Does corn or beans benifit more from deep tillage?
JD_Cattle
Posted 10/28/2025 09:39 (#11415847 - in reply to #11415434)
Subject: RE: Does corn or beans benifit more from deep tillage?


Wright County, MN

I've pretty much quit thinkng the ripper does any good for corn stubble going to beans.  For corn stubble I prefer to use the Excellerator.  Doesn't make it black at all.  Never an issue getting planting done on time.  "It'll be too wet"  "It'll never warm up".  BS.  I plant as early or earlier than most around here.  Beans don't seem to care.  I think they greatly prefer a lot of trash.  I don't have the best beans around if you believe the "coffee shop talk" but I've never had a "wow that was a bad year" either.  I'm fine with hitting the average every year.

A few years ago we spread dry fertilizer and ESN  on bean stubble in the fall and "worked it in" with the Ex.  Ground was hard and the Ex would only go in maybe 2".  Next years corn did 201bu.  Not the greatest but that was perfectly in line with what everyone else got that year.  That field is "highly erodable" because of some hills and that was a dry year.  I was quite pleased seeing 201.

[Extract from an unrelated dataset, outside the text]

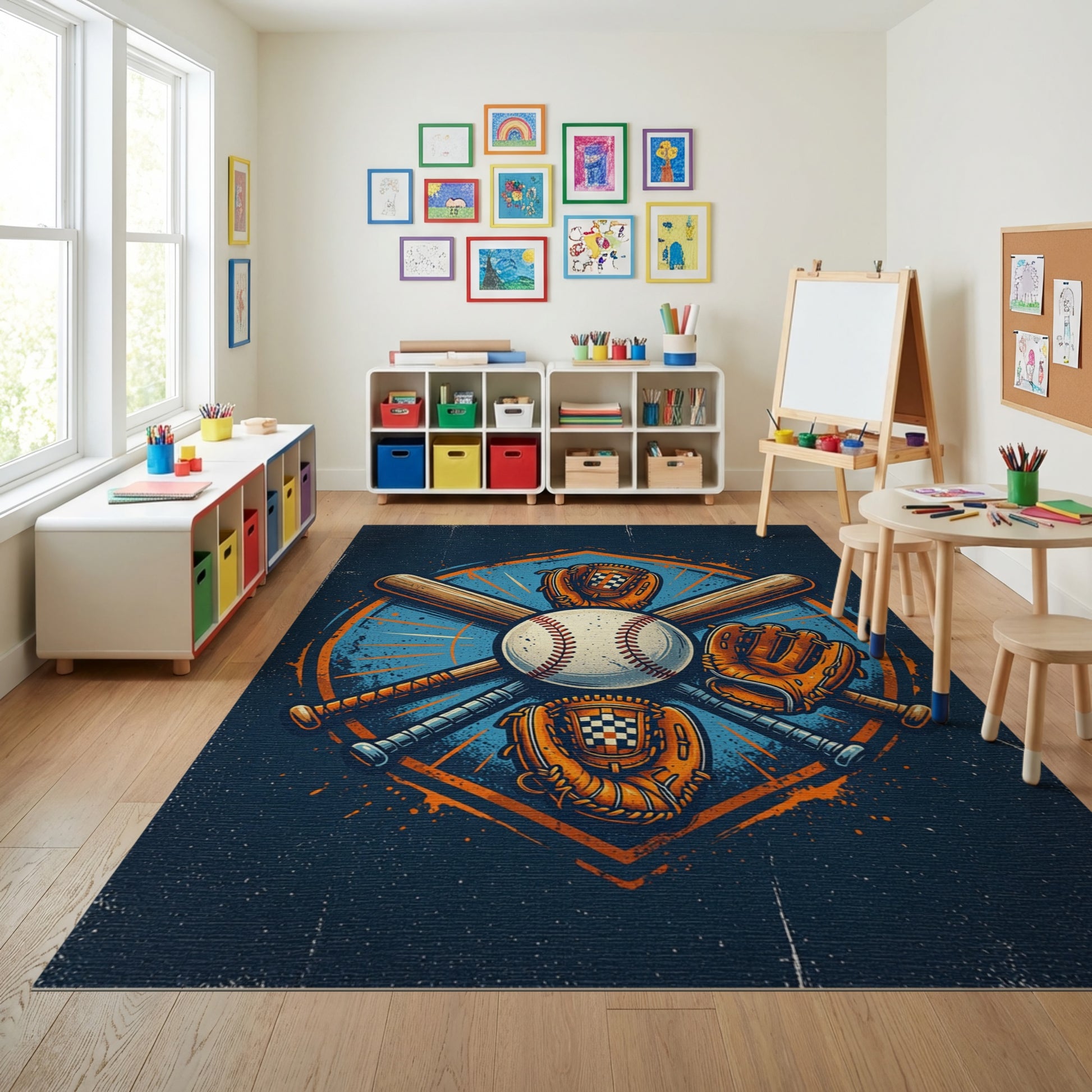 Flatwoven High Traffic Area Rug, Vintage Baseball Bats Gloves Shield Rug, Non Slip, Stain Resistant, Washable Area Rugs for Study Room, Playroom, Bedroom Overview: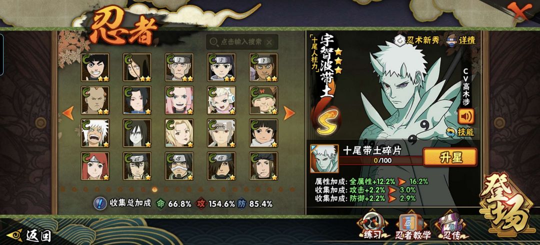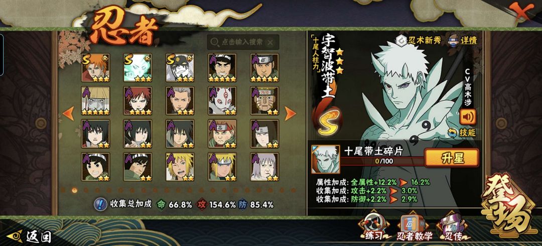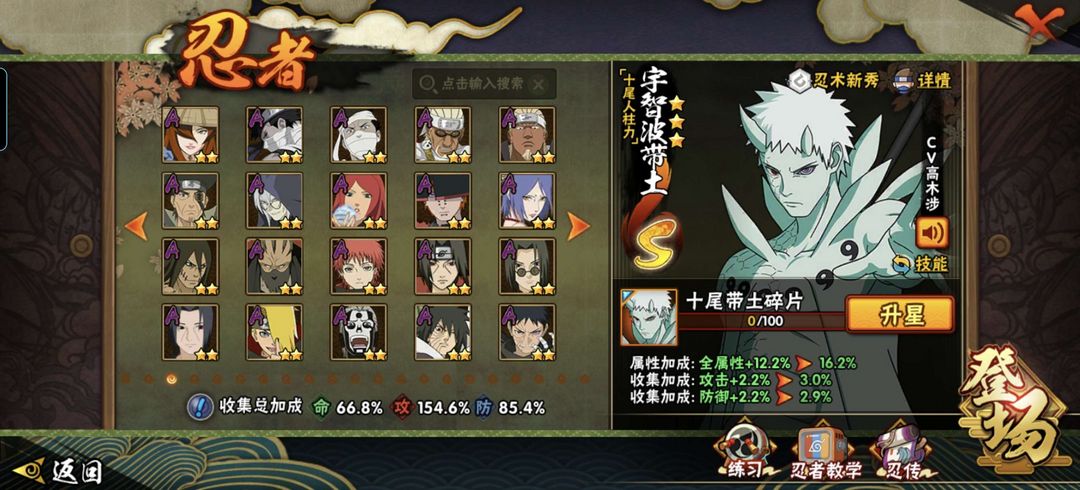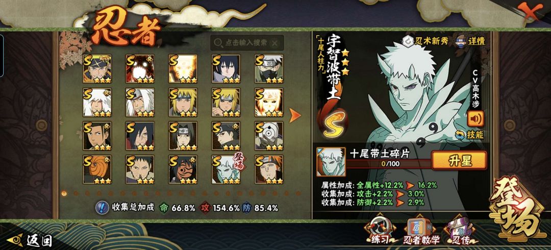 带土(破面,漂泊,十尾,白面具,忍法帖*2),天道超,水门(秽土,金身,新春,百战),九喇嘛,忍法帖

To prevent a problem before it happens I still like to run the ripper every few years.  Haven't had a problem yet so I don't know how long I could let it go. I know for a fact I don't like working ground in a wet spring if it was ripped the fall before.  With the Ex in the fall, there is no real concern with spring mud.  Just go.  After ripping, the ground gets mushy.  I don't think that means the un-ripped ground is compacted.  It's just the ripped ground is, well, mushy.

So to answer your question, I don't know.  It's a nice feeling seeing stalks turn black or ripping up chunks thinking, "That'll grow some corn" but I think it might be just that, a feeling.